>>>>

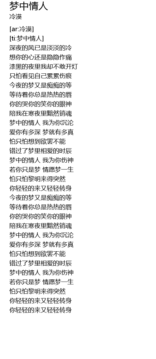 | [03:01.83] | 梦中的情人 我为你沉沦 |
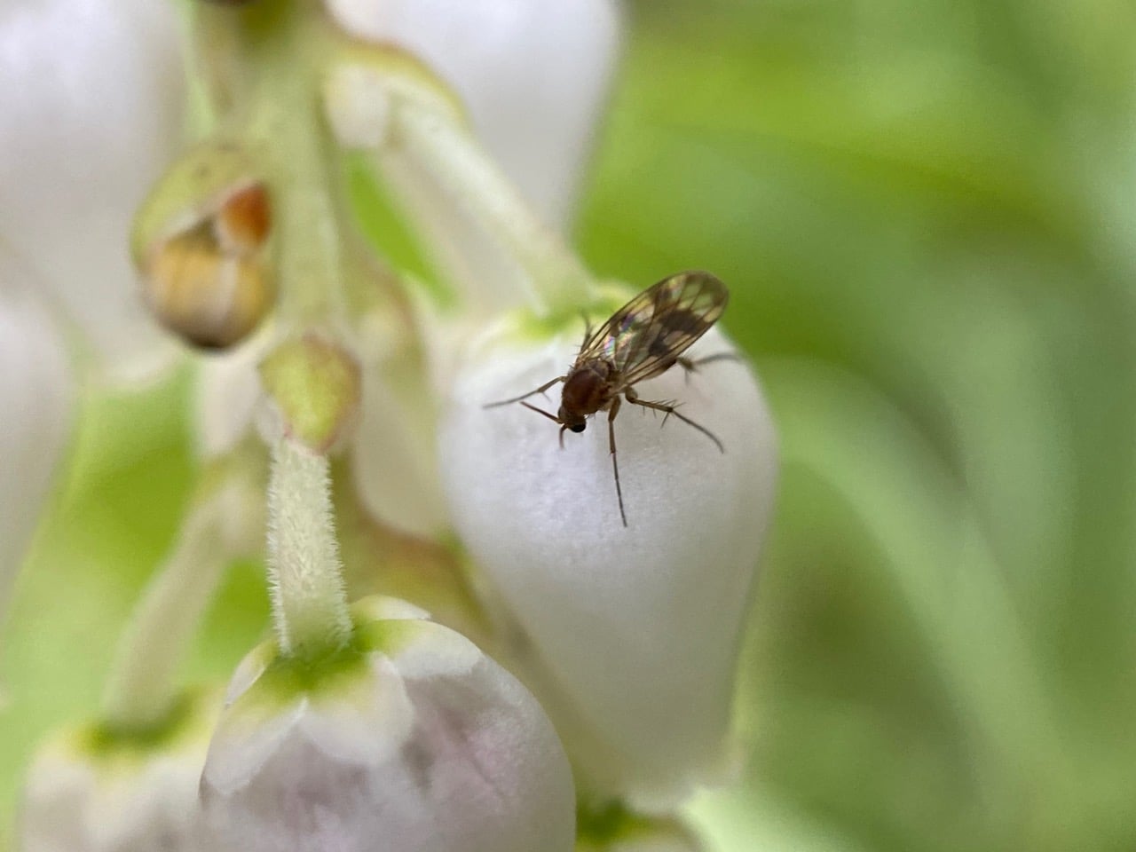 A small insect is perched motionless on a manzanita flower. It is a Fungus Gnat, genus Mycetophila (family Mycetophilidae).
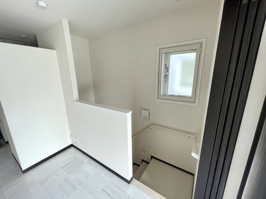 踊り場にはキッチンにもある2重サッシ窓があります。
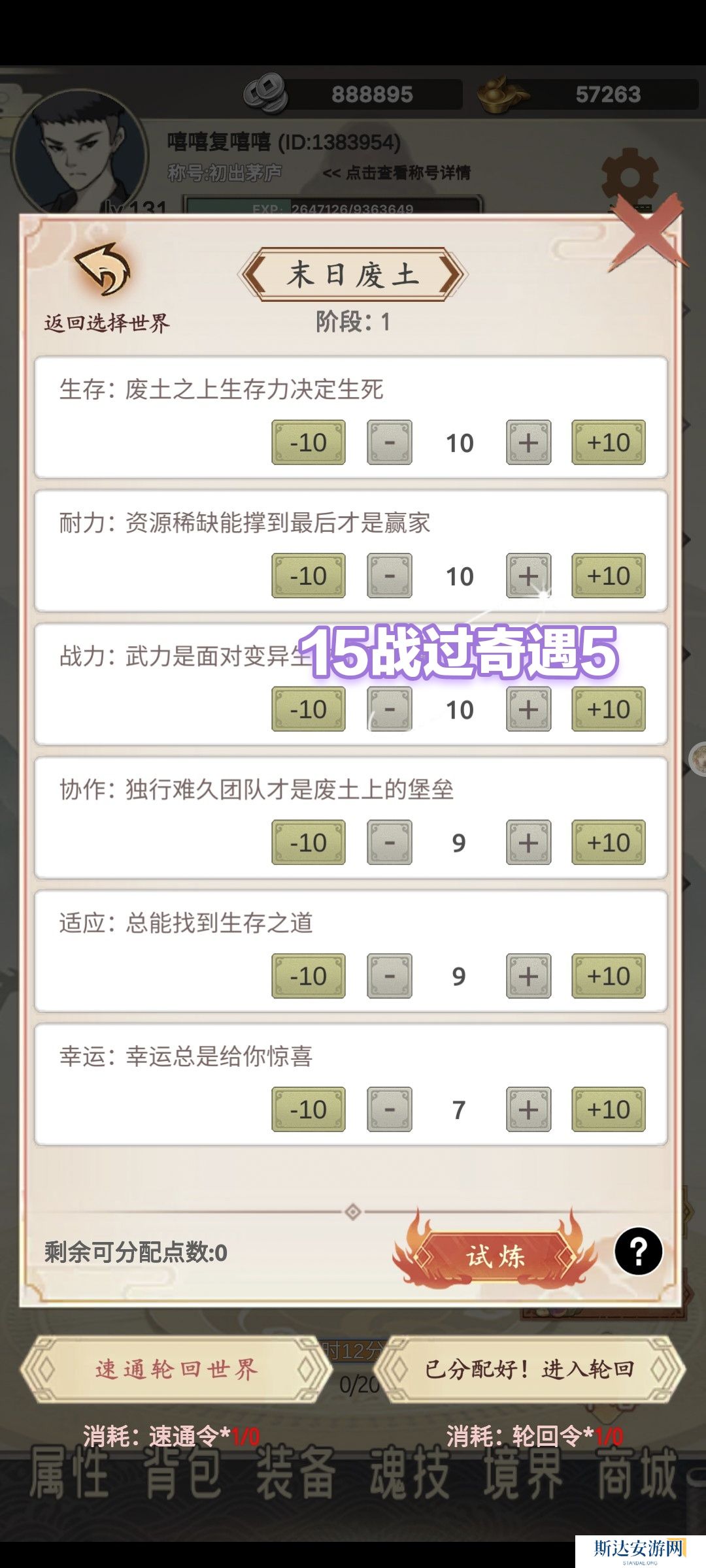 《穿越万世轮回》轮回世界二奇遇宝箱加点推荐
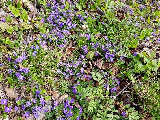 Blühender Sauerklee, Duftveilchen in riesiger Anzahl und die winzigen Pilze. Für die musste ich mich auf den Boden knien, da ist das Aufstehen mit dem Rucksack durchaus anstrengend.

<<<<

Repeat the records in full, exactly as they appear, but with the pictures removed.

◆ Answer area:
 | [03:01.83] | 梦中的情人 我为你沉沦 |
 A small insect is perched motionless on a manzanita flower. It is a Fungus Gnat, genus Mycetophila (family Mycetophilidae).
 踊り場にはキッチンにもある2重サッシ窓があります。
 《穿越万世轮回》轮回世界二奇遇宝箱加点推荐
 Blühender Sauerklee, Duftveilchen in riesiger Anzahl und die winzigen Pilze. Für die musste ich mich auf den Boden knien, da ist das Aufstehen mit dem Rucksack durchaus anstrengend.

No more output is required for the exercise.